* **Provided data**
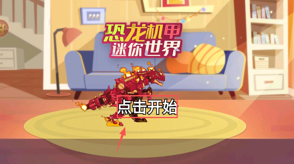 1、首先,点击主界面上的“点击开始”按钮进入游戏,接着挑选你的恐龙机甲,为战斗做好准备。
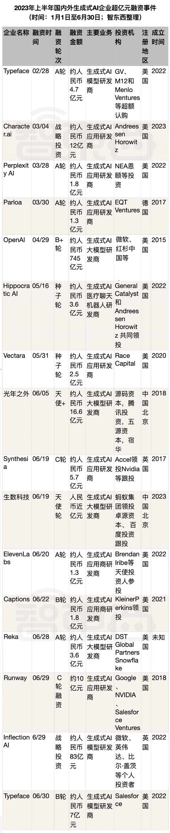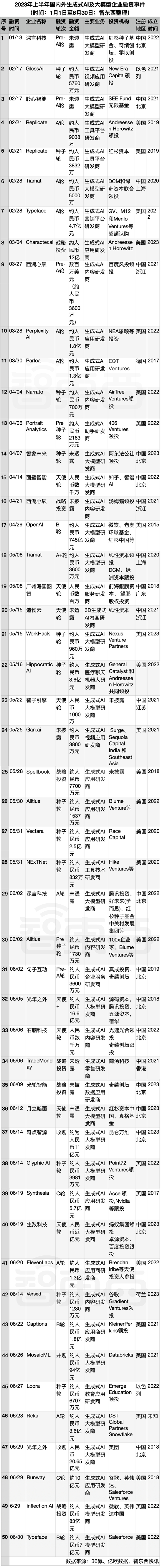 ▲2023年上半年国内外生成式AI企业超亿元融资事件
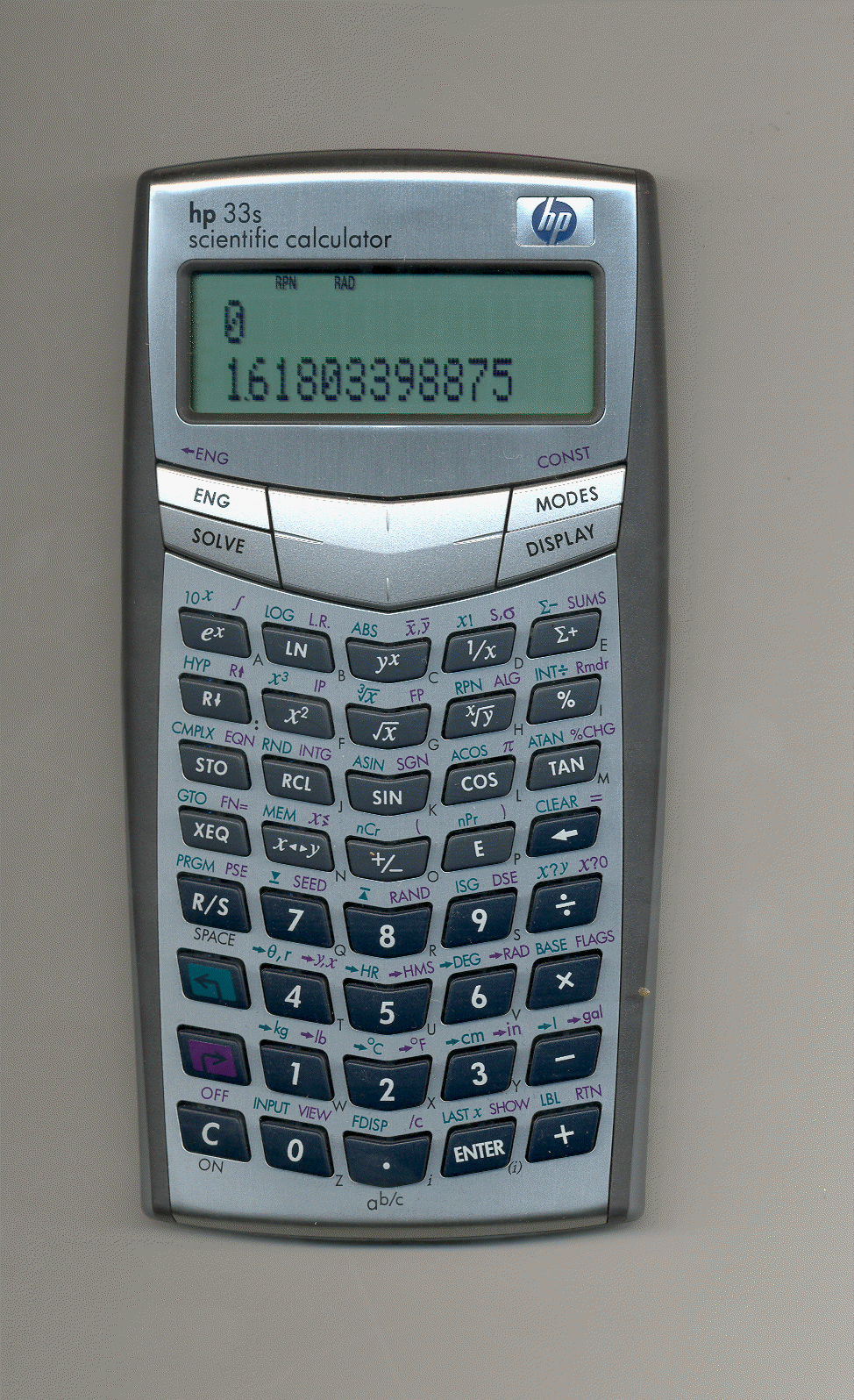HP-33S: A scientific calculator released in 02004 as part of the new line of HP calculators, this one is distinctive in styling but suffers from a design flaw or two. Note especially the tiny decimal point, which has been the target of much criticism in the collectors' community.
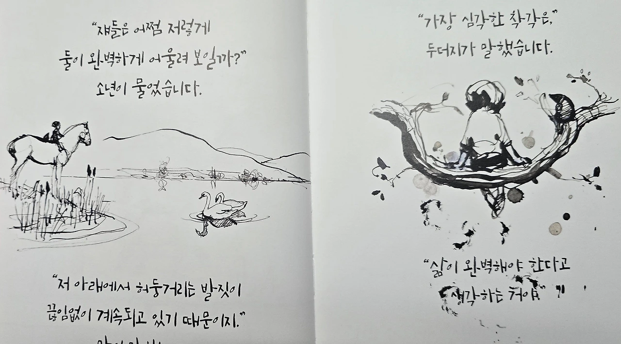 삶도 그러한 것 같다. 정처 없이 다니던 소년과 두더지는 여우를 만난다. 두더지와 여우가 함께 여행을 하는 건 흔치 않지만 두더지는 덫에 걸린 여우를, 여우는 물에 빠진 두더지를 구해준다.

* **What to produce**
With the pictures left out, transcribe the material exactly.

* **Solution for this problem**
 1、首先,点击主界面上的“点击开始”按钮进入游戏,接着挑选你的恐龙机甲,为战斗做好准备。
 ▲2023年上半年国内外生成式AI企业超亿元融资事件
HP-33S: A scientific calculator released in 02004 as part of the new line of HP calculators, this one is distinctive in styling but suffers from a design flaw or two. Note especially the tiny decimal point, which has been the target of much criticism in the collectors' community.
 삶도 그러한 것 같다. 정처 없이 다니던 소년과 두더지는 여우를 만난다. 두더지와 여우가 함께 여행을 하는 건 흔치 않지만 두더지는 덫에 걸린 여우를, 여우는 물에 빠진 두더지를 구해준다.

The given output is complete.